Asynchronous evolution of ocean temperatures and ice sheets across the most recent global climate transition on Earth ~3 million years ago

The surface of the Earth has been getting warmer over the last few decades due to the increasing atmospheric CO2 concentration as a result of human activities. This is accompanied by the loss of glaciers and ice sheets in polar regions, resulting in sea level rise. Just last month, the Earth experienced the highest air and sea surface temperatures with the lowest global sea ice extent since 1980s! Given the state of our climate, there is an urgency to understand how climate on Earth responds to changes in atmospheric CO2 concentration.

 

One option is to learn from the history of Earth’s climate, especially back to a time when the atmospheric CO2 forcing was similar to that projected for the near future. One such period is the late Pliocene (3.3-3.1 million years ago). Due to its relevance for future climate change, this geological period is also featured in the latest IPCC report. Scientists have used geological data from this period to validate the performance of climate models used to project future climate change. These valuable geological data are generated using marine sediment cores that are tens to hundreds of meters in length, retrieved from the seabed by drilling research vessel. The retrieval of sample material and the subsequent analysis in laboratories are extremely time and resource-consuming. Thus, to date most studies focus on a single sediment core or approach. However, a point in space does not allow us to understand how climate change globally.

 

To overcome this limitation, Assistant Professor Sze Ling Ho (Institute of Oceanography, National Taiwan University) and Professor Erin McClymont (Durham University, UK) have been co-leading an international working group called PlioVAR in the past few years. Together, they coordinated effort involving many experts from numerous institutions in Europe, America, Asia and Oceania to collate and analyze globally distributed published paleoclimate records spanning 3.3 to 2.4 million years ago. These data were generated using various geochemical approaches.

 

During the time interval of interest, the Earth underwent a large global shift from a stable warm period called the Pliocene to a climatically unstable period called the Pleistocene marked by the waxing and waning of ice sheets. This transition was accompanied by a steady decrease in atmospheric CO2 concentration. With the global compilation generated by the team, it has become clear that this climate transition was not a globally synchronous event as previously thought. It began earlier in some regions, even before the ice sheets expanded. The warm late Pliocene, often assumed to be a stable period, was a time of climate transition, especially in the southern hemisphere.

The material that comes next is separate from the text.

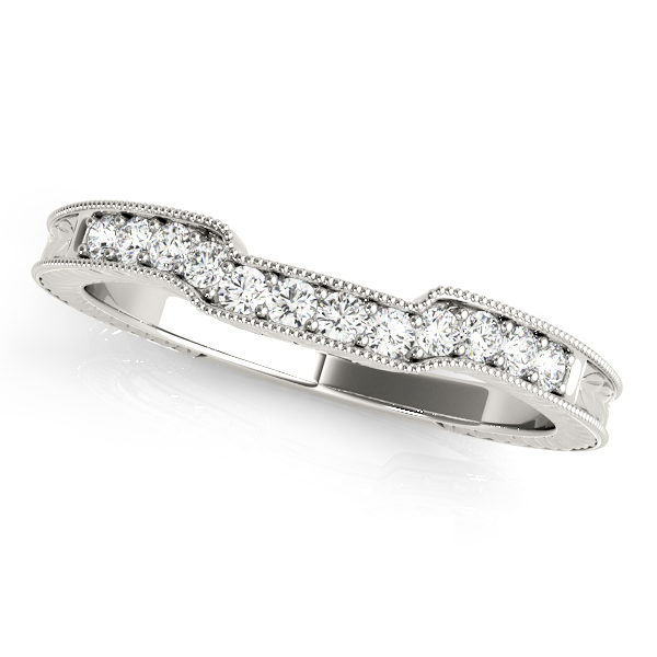 14k White Gold Wedding Band with 12 – .01PT Round Stones, equal to 1/8 carats total weight. This ring has an optional matching Engagement Ring. Can be customized to fit any stone and in any material. Please contact Ronelli Corp for custom orders and modification information, as pricing may vary.

As the ice sheets grew in the northern hemisphere, ocean temperature and circulation were impacted, but not everywhere. In addition, the team also observed an increase in the mean and the range of climate variability across this transition, but once again, these changes vary in space. This study highlights the complexity and regionally heterogenous nature of climate change across a globally-significant climate transition as well as in response to the current atmospheric CO2 concentrations.

 

The study was published in an invitation-only, high-impact American Geoscience Union journal Reviews of Geophysics.